ディラン様とのブレスコでのランチは本当に美味しかった。


スペシャルランチにスペシャルデザート。


もう本当に美味しくて、今度のボーナスが出たらまた来ようと思った。


予約を早めにしておこう。


オニール様が私を名前呼びをしたいと言われた時から、告白の返事を言わなきゃ、とそわそわドキドキしているが、言うタイミングが分からない。

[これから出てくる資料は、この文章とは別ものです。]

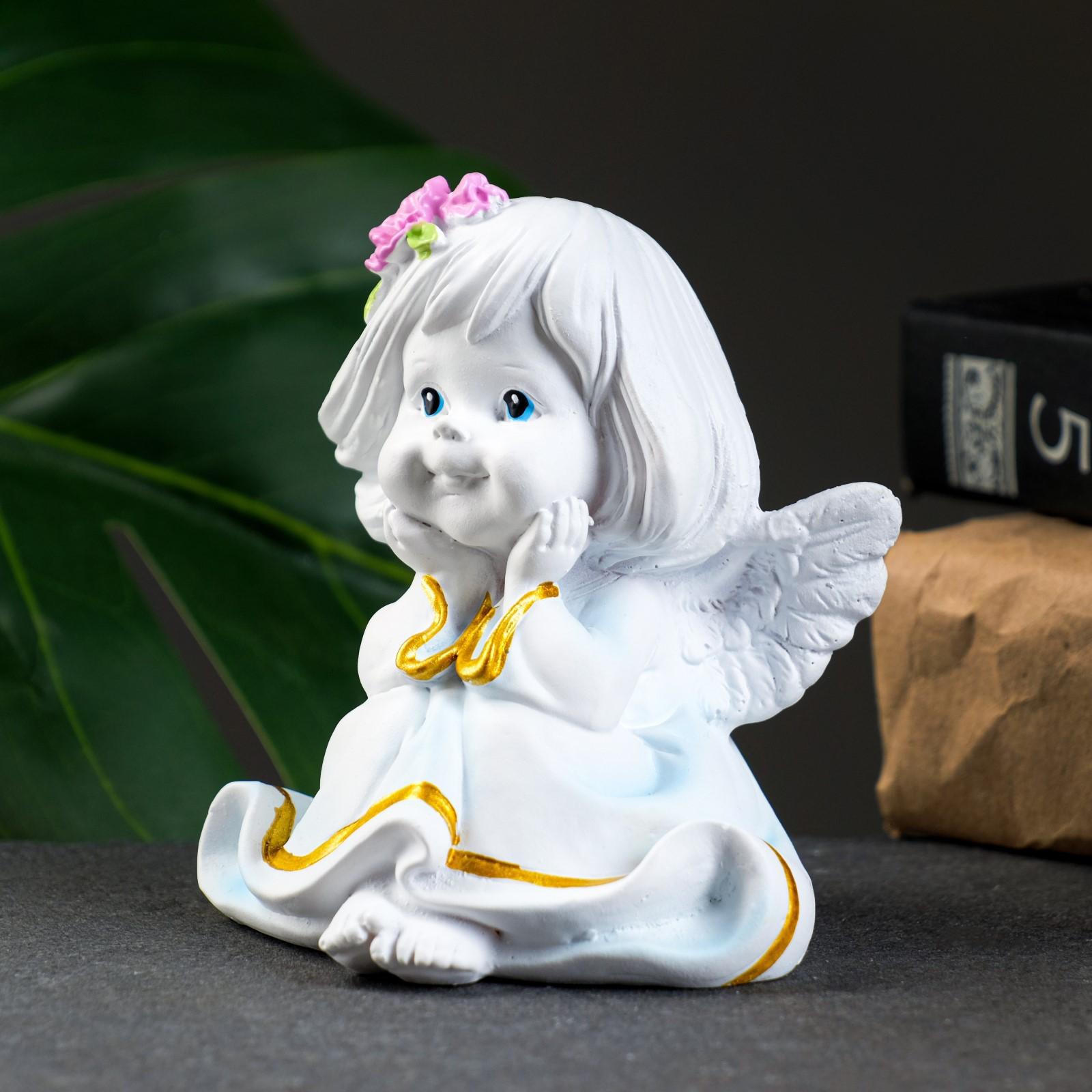 Фигура "Малышка-ангел с цветами в волосах" 7х8х9см

食事中に「告白の返事は?」なんて聞かれるかな?と思ったけれど、何も聞かれないまま食事が終わり、デザートも食べ終わってしまった。


まさか、告白は無かった事になんてなってないわよね?



「さ、少し散歩をしよう。王立公園の方を歩くのはどうだろうか?今は花が綺麗なようだ」


「はい」



私が返事をすると、ディラン様はすっと手を出してくれてゆっくりと立ち上がらせてくれた。その後も、手は繋がれたままで、ここでも会計はせずにディラン様はサインだけすると店を出た


お金持ちって私の常識と違うんだな、と思った。


ハナが言っていた意味が少し分かった。


チラッと斜め上を見ると、ディラン様の長い髪と少し細い眼が見えた。


今日の朝まではディラン様と付き合おうと思っていた。でも、今日のデートで自分とディラン様の生きている世界が全然違う事を知った。不安が大きい。


ディラン様は貴族で、魔術士で、お金持ちで、優しい。


私は休憩時間に食堂にサンドイッチを食べに行って、売店のお菓子の新商品が出たら嬉しくて買うのが楽しみな魔力が無い事務員。


エマから言われた言葉も響く。


結局、私の自信がないんじゃないかって。ダメな男を選んだのは私自身。だから私の方にも責任がある。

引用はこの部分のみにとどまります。